REQUIRED WORK
Return the records below in full. Keep every word exact and skip the images.

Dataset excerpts
▼▼▼

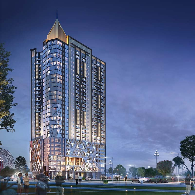 SQ Theme Park Tower in Bahria Town Karachi rises up to eight storeys above the ground floor. The project has set new standards in luxury apartments, commercial shops and offices.
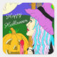 Happy Halloween Hand drawn Witch and Full Moon Square Sticker
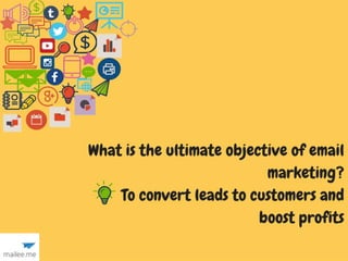 This document discusses ways to integrate social media and email marketing. It outlines six methods: including social media buttons in emails, uploading subscriber lists to social media, creating exclusive social media groups for subscribers, incentivizing email subscriptions on social media, holding contests requiring email entry, and setting email notifications for social media channels. The document emphasizes personalizing strategies based on each social media platform's strengths, such as using Facebook for B2C and LinkedIn/Twitter for B2B. It encourages readers to get started integrating social media and email marketing.
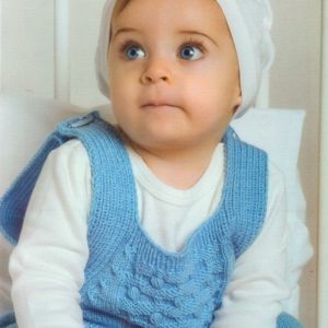 ۱۵ دانه دو طرف (برای سرشانه) را هم به مدت ۱۲ سانتیمتر میبافیم، روی سرشانهها یک جای دکمه ایجاد کرده و در پایان کار را کور میکنیم.
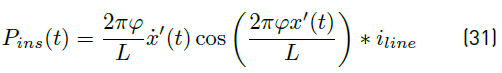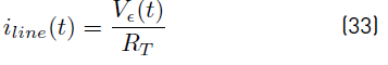 where φ is the magnetic flux, which is equal to Nφi , being φi the magnetic flux per magnets and N the number of coils of the stator. L is the distance between poles of the same polarity. These values are given in Table 2. The power depends on the current (iline ) and the amount of resistance present in the system. A winding of an electric generator can be represented as a RL equivalent circuit. If a RL circuit is considered as a system with input and output, the input is the voltage drop (Vϵ(t)) across the circuit and the output is the current (iline (t)) through the circuit. Both parameters are variable in time. Vϵ(t) across the circuit can be expressed as Equation (32).
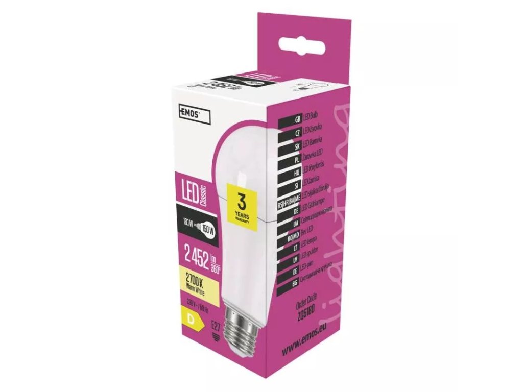 LED žárovka Emos Classic vynikají velmi dobrou svítivostí 2452 lm při nizké spotřebě elektrické energie pouhých 18,1 W. LED žárovkám nevadí časté zapnutí/vypnutí ani nepřetržité svícení. Nabízí tedy minimální spotřebu elektrické energie a bezúdržbový provoz po dobu až 30 000 hodin.

▲▲▲

OUTPUT OF THE TASK
 SQ Theme Park Tower in Bahria Town Karachi rises up to eight storeys above the ground floor. The project has set new standards in luxury apartments, commercial shops and offices.
 Happy Halloween Hand drawn Witch and Full Moon Square Sticker
 This document discusses ways to integrate social media and email marketing. It outlines six methods: including social media buttons in emails, uploading subscriber lists to social media, creating exclusive social media groups for subscribers, incentivizing email subscriptions on social media, holding contests requiring email entry, and setting email notifications for social media channels. The document emphasizes personalizing strategies based on each social media platform's strengths, such as using Facebook for B2C and LinkedIn/Twitter for B2B. It encourages readers to get started integrating social media and email marketing.
 ۱۵ دانه دو طرف (برای سرشانه) را هم به مدت ۱۲ سانتیمتر میبافیم، روی سرشانهها یک جای دکمه ایجاد کرده و در پایان کار را کور میکنیم.
 where φ is the magnetic flux, which is equal to Nφi , being φi the magnetic flux per magnets and N the number of coils of the stator. L is the distance between poles of the same polarity. These values are given in Table 2. The power depends on the current (iline ) and the amount of resistance present in the system. A winding of an electric generator can be represented as a RL equivalent circuit. If a RL circuit is considered as a system with input and output, the input is the voltage drop (Vϵ(t)) across the circuit and the output is the current (iline (t)) through the circuit. Both parameters are variable in time. Vϵ(t) across the circuit can be expressed as Equation (32).
 LED žárovka Emos Classic vynikají velmi dobrou svítivostí 2452 lm při nizké spotřebě elektrické energie pouhých 18,1 W. LED žárovkám nevadí časté zapnutí/vypnutí ani nepřetržité svícení. Nabízí tedy minimální spotřebu elektrické energie a bezúdržbový provoz po dobu až 30 000 hodin.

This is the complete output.